Anda di halaman 1dari 7

Nama : Ni Putu Harista Diandari

NIM : P07124218006
Prodi : Sarjana Terapan Kebidanan Semester V
Mata Kuliah : Asuhan Kebidanan Nifas dan Menyusui

Depresi Post Partum


Kehamilan seorang wanita adalah penting karena hal ini merupakan symbol terjadinya
transisi ke arah kedewasaan (Zajicek, dalam Strong & Devault, 1989). Menjadi ibu adalah
kebahagian tak terkira bagi seorang wanita. Hal tersebut sudah tidak bisa dipungkiri lagi,
meskipun setelah melahirkan seorang wanita harus beradaptasi dalam menjalani perannya
sebagai ibu. Kendati demikian, tak semua ibu merasa Bahagia setelah melahirkan. Keadaaan ini
bisa jadi memicu depresi pasca persalinan dan syndrome baby blues. Sebelumnya, mari bicara
mengenai masa post partum terlebih dahulu. Masa postpartum merupakan masa ketika terjadi
berbagai perubahan pada wanita setelah bersalin, baik perubahan fisiologis, psikologis, maupun
sosio kultural dan spiritual. Pada masa post partum inilah seorang wanita atau perempuan
mendalami perannya sebagai orangtua teruma seorang ibu yang bertanggung jawab atas
kehidupan anaknya. Karena hal inilah tercetus berbagai reaksi psikologis, mulai dari reaksi
emosional ringan hingga ke tingkat gangguan jiwa yang berat. Menurut Townsend (2005),
gangguan jiwa merupakan respon maladaptif terhadap stressor dari dalam atau luar lingkungan,
yang berhubungan dengan perasaan dan perilaku yang tidak sejalan dengan budaya, kebiasaan
dan norma setempat dan mempengaruhi kondisi social seorang individu. Perubahan ini dapat
menyebabkan gangguan psikologis ibu, yang mana dapat menjadi suatu depresi setelah
melahirkan yang dinamakan depresi pasca melahirkan atau yang disebut depresi postpartum.

Seorang ibu post partum sangat mungkin mengalami gangguan depresi post partum (post
partum depressive) maupun gangguan baby blues syndrome. Kedua masalah psikologis pada ibu
nifas tersebut sebenarnya adalah dua permasalahan yang berbeda, namun banyak orang yang
salah paham mengira bahwa dua masalah tersebut adalah sama.

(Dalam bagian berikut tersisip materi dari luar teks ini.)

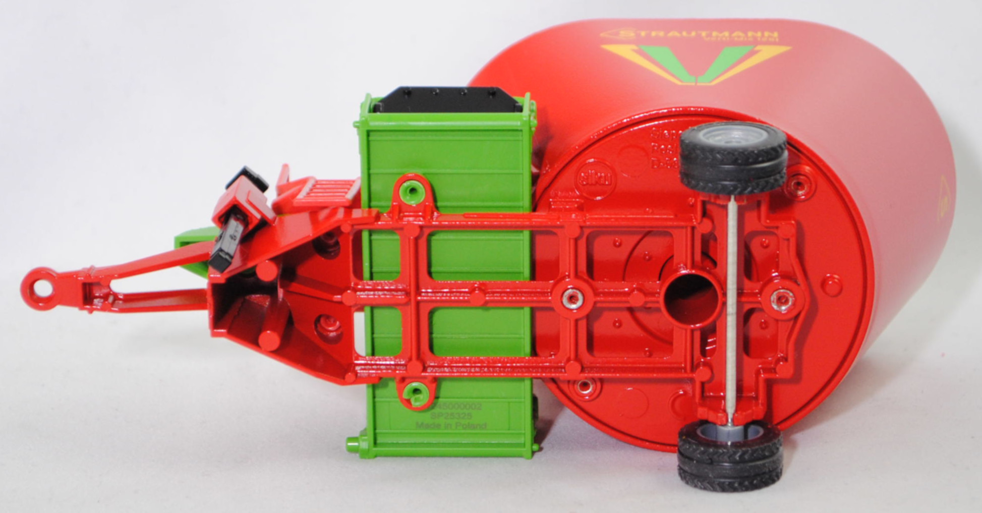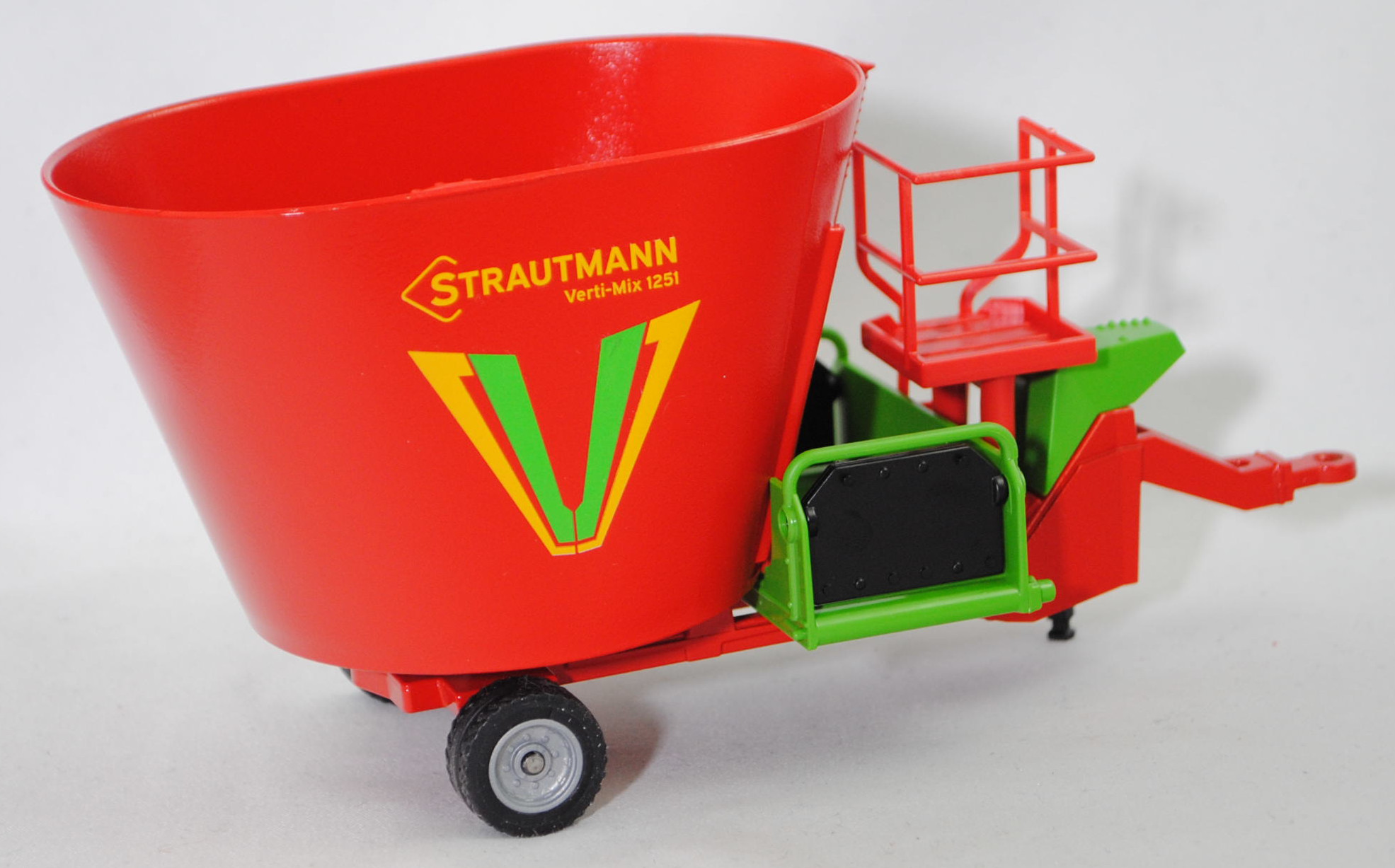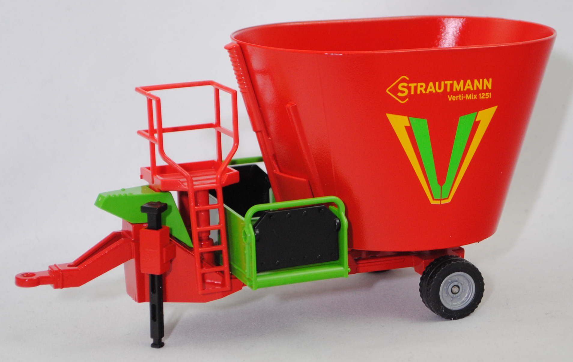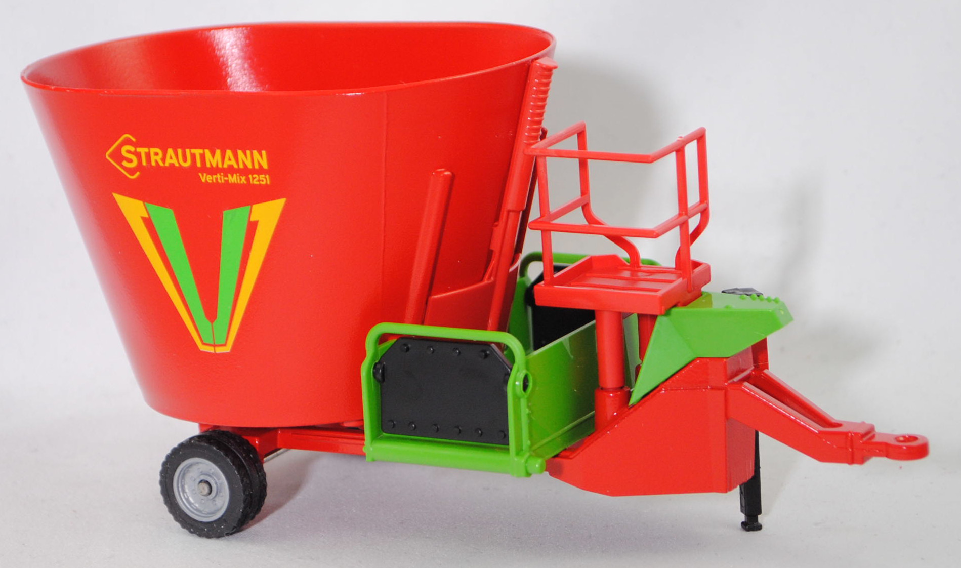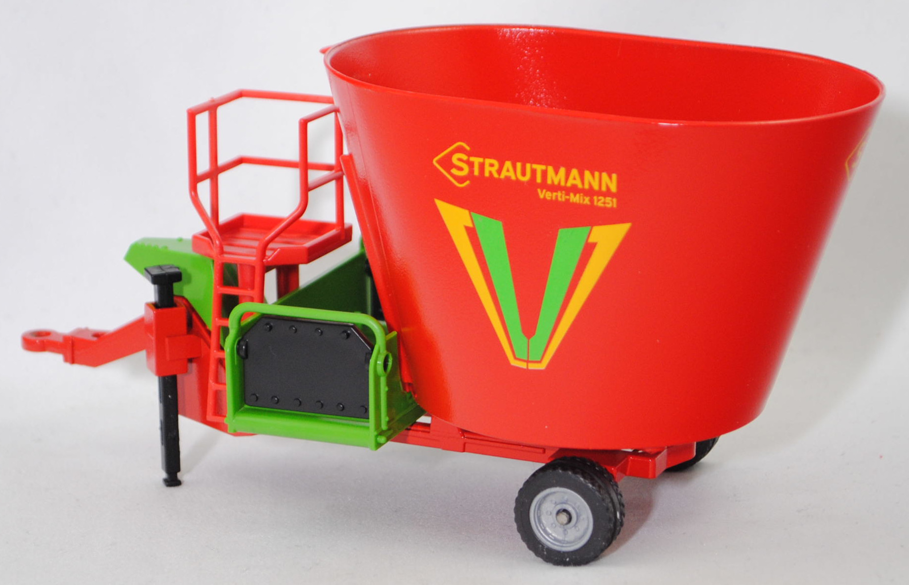 00002 strautmann Verti-Mix 1250 Futtermischwagen (Baureihe Verti-Mix, 1 vertikale Variomischschnecke, nutzbares Mischvolumen 12,5 m³, Hersteller: B. Strautmann & Söhne GmbH Bielefelder Straße 53 49196 Bad Laer, Eigengewicht mit Querförderband 4150 kg, zulässiges Gesamtgewicht 9000 kg, Breite mit Querförderband 2415 mm, Länge mit Querförderband vorne 5645 mm), Behälter verkehrsrot, Druck STRAUTMANN / Verti-Mix 1251 in signalgelb und Streifen als V in signalgelb/gelbgrün (Design ab 2024) auf den Seiten des Behälters, Druck S in signalgelb hinten auf dem Behälter, Aufstiegsleiter mit Podest verkehrsrot, Querförderband gelbgrün, Wippe schwarz, Stützfuß schwarz, Bpr. siku-Logo un Adresse links vor dem Rad auf dem Boden des Behälters, Bpr. CE-Zeichen rechts vor dem Rad auf dem Boden des Behälters, Druck Chargennummer rechts unter dem Querförderband, LKW41 silbergrau (Bereifung 8.15-15 14 PR), SIKU FARMER 1:32, ca. 1:31, L16nmp (EAN 4006874024506)

Menurut Esha dkk, “Depresi
postpartum merupakan gangguan mood setelah melahirkan yang merefleksikan disregulasi
psikologikal yang merupakan tanda dari gejala-gejala depresi major”. Mood yang tertekan,
hilangnya ketertarikan atau senang dalam beraktivitas, gangguan nafsu makan, gangguan tidur,
agitasi fisik atau pelambatan psikomotor, lemah, merasa tidak berguna, susah konsentrasi,
keinginan untuk bunuh diri merupakan gejala-gejala yang dapat dijumpai pada ibu dengan
depresi postpartum. Gejala postpartum  depression atau postnatal depression bisa terjadi pada
awal kehamilan, beberapa minggu sesudah melahirkan, atau hingga setahun sesudah bayi lahir.
Pada intinya, ibu yang mengalami depresi post partum cenderung gelisah dan cemas ketika
berhadapan dengan bayinya.

Sementara Baby Blues Syndrom adalah suatu tingkat keadaan depresi bersifat sementara
yang dialami oleh kebanyakan ibu yang baru melahirkan karena perubahan tingkat hormon,
tanggung jawab baru akibat perluasan keluarga dan pengasuhan terhadap bayi. Keadaan ini
biasanya muncul antara hari ke-tiga hingga ke-sepuluh pasca persalinan, seringkali setelah pasien
keluar dari rumah sakit. Postpartum blues pada ibu pasca persalinan masih dianggap sebagai hal
yang wajar sehingga seringkali terabaikan dan tidak tertangani dengan baik (Iskandar, 2004).
Lebih lanjut, tingkat keparahan gejala maupun dampak terjadinya depresi postpartum
menjadikan gangguan ini benar-benar tidak dapat diabaikan.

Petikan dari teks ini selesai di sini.